**WHAT IS BEING ASKED**
Below are entries with pictures among them; reproduce exactly, and only, the lines from the one containing "Согласно принципам международных" down to the one containing "Karnaprayag (40 km)", without the pictures.

___ EXTRACTED MATERIAL

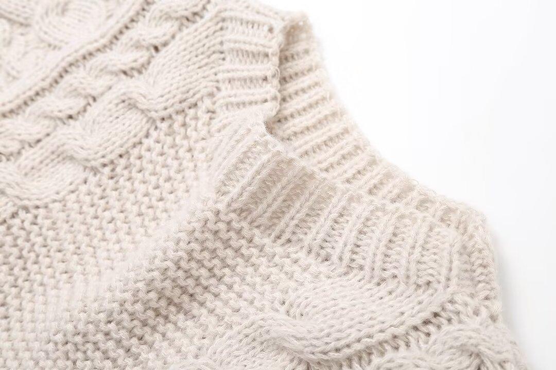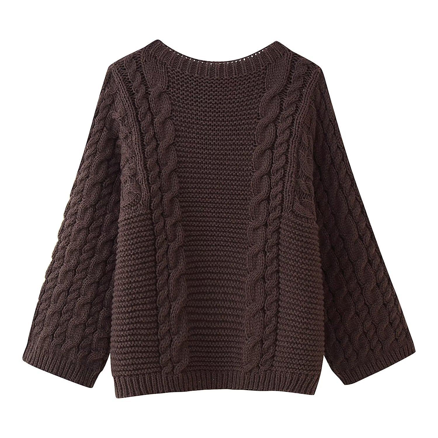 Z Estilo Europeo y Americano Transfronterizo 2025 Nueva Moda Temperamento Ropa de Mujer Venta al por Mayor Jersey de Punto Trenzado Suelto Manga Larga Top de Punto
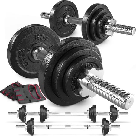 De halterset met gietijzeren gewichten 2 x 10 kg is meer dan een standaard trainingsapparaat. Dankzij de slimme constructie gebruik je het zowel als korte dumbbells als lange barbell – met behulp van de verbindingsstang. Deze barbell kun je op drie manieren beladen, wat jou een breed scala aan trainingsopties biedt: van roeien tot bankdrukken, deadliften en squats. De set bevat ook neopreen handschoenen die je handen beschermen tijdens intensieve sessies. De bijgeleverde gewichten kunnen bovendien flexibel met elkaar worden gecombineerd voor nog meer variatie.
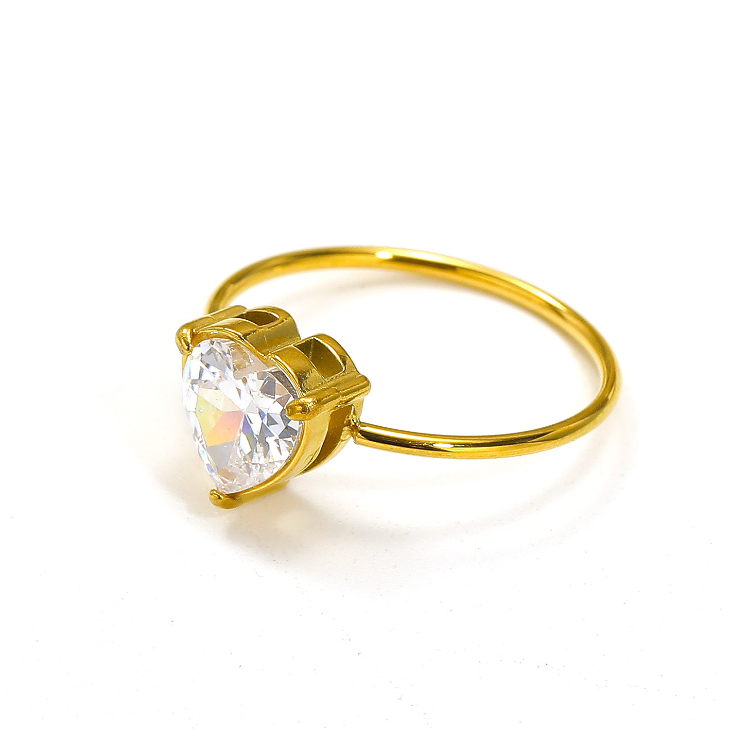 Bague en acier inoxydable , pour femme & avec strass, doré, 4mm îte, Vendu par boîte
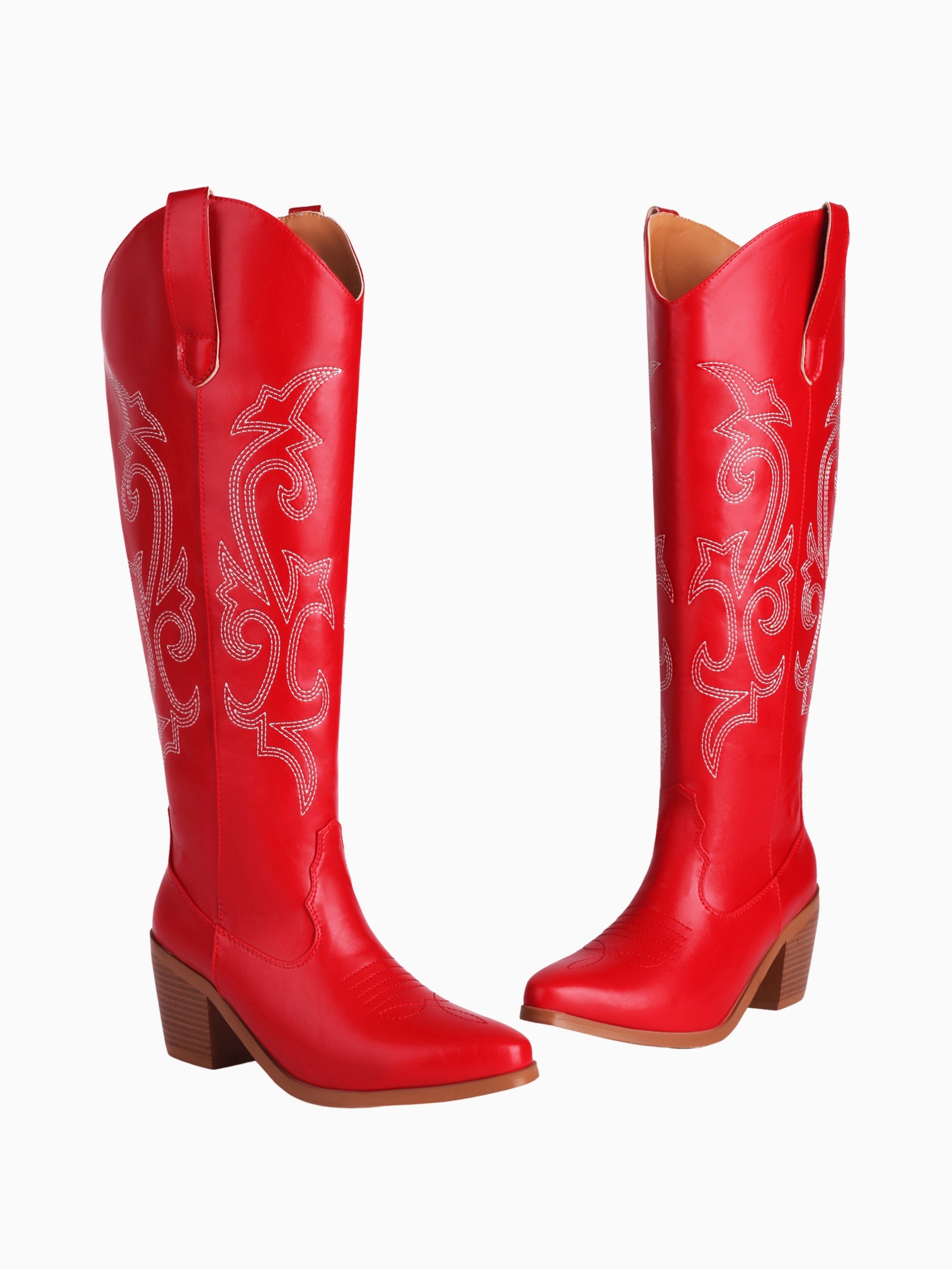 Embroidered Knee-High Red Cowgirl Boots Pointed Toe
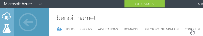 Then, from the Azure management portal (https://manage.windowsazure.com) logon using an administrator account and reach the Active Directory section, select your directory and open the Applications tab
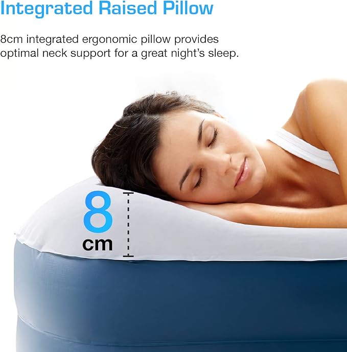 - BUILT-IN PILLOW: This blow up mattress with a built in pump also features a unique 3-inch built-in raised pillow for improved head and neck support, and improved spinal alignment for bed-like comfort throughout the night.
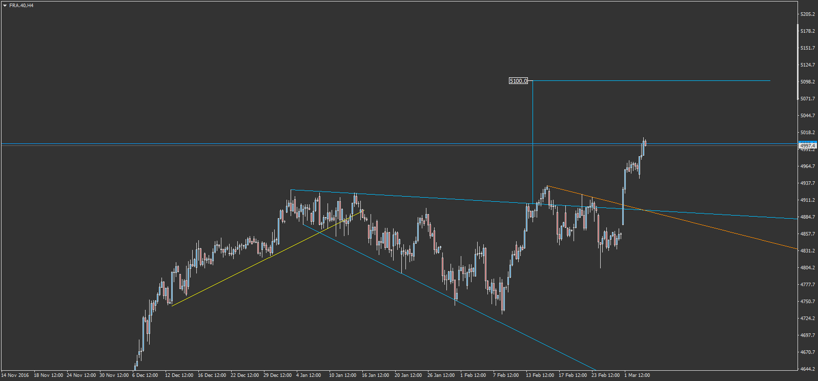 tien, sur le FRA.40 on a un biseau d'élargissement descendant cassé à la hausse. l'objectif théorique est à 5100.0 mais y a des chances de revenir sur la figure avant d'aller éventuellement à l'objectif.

______
___ EXTRACTED MATERIAL

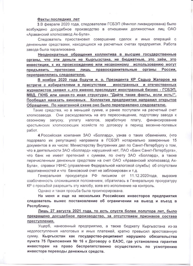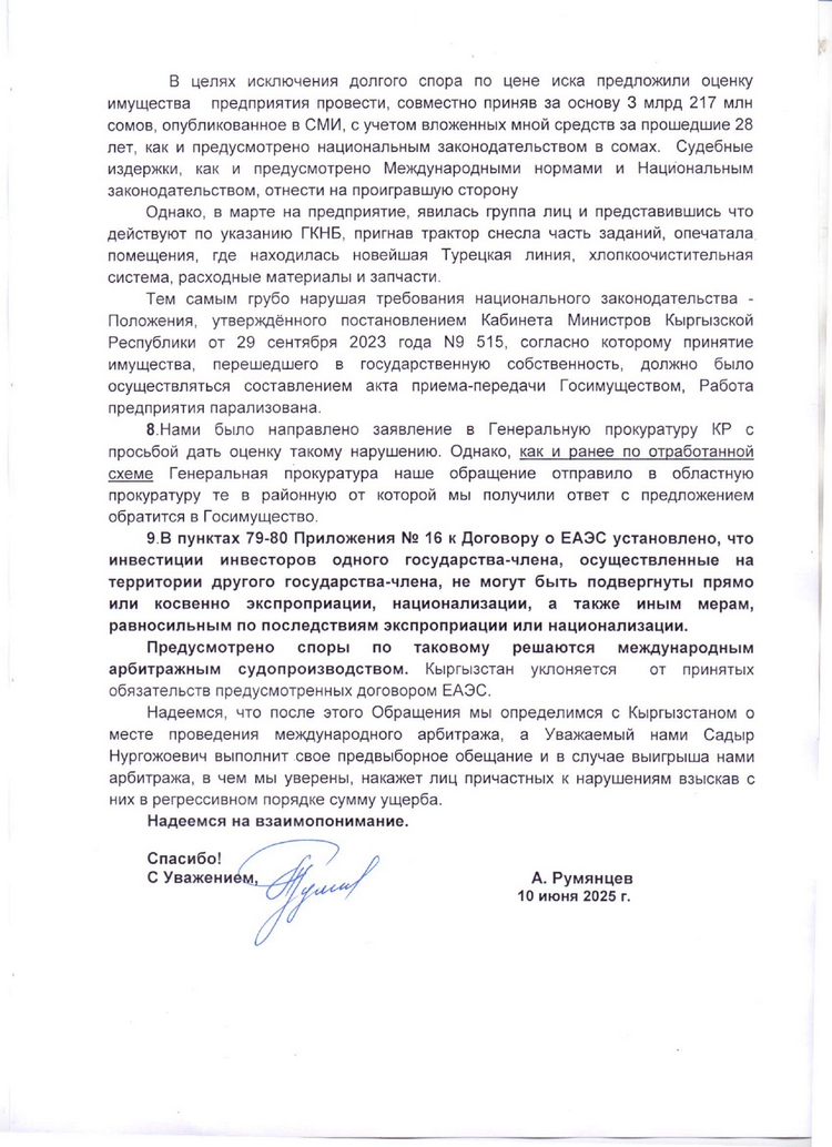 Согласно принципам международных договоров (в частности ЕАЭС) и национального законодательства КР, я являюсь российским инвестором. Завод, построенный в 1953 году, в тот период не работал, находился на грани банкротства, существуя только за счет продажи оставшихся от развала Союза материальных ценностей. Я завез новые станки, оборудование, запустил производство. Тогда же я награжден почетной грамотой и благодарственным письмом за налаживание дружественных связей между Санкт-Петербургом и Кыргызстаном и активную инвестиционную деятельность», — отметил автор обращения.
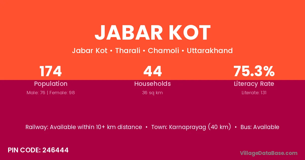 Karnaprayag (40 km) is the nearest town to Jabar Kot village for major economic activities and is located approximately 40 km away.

______

**TASK ANSWER**
 Согласно принципам международных договоров (в частности ЕАЭС) и национального законодательства КР, я являюсь российским инвестором. Завод, построенный в 1953 году, в тот период не работал, находился на грани банкротства, существуя только за счет продажи оставшихся от развала Союза материальных ценностей. Я завез новые станки, оборудование, запустил производство. Тогда же я награжден почетной грамотой и благодарственным письмом за налаживание дружественных связей между Санкт-Петербургом и Кыргызстаном и активную инвестиционную деятельность», — отметил автор обращения.
 Karnaprayag (40 km) is the nearest town to Jabar Kot village for major economic activities and is located approximately 40 km away.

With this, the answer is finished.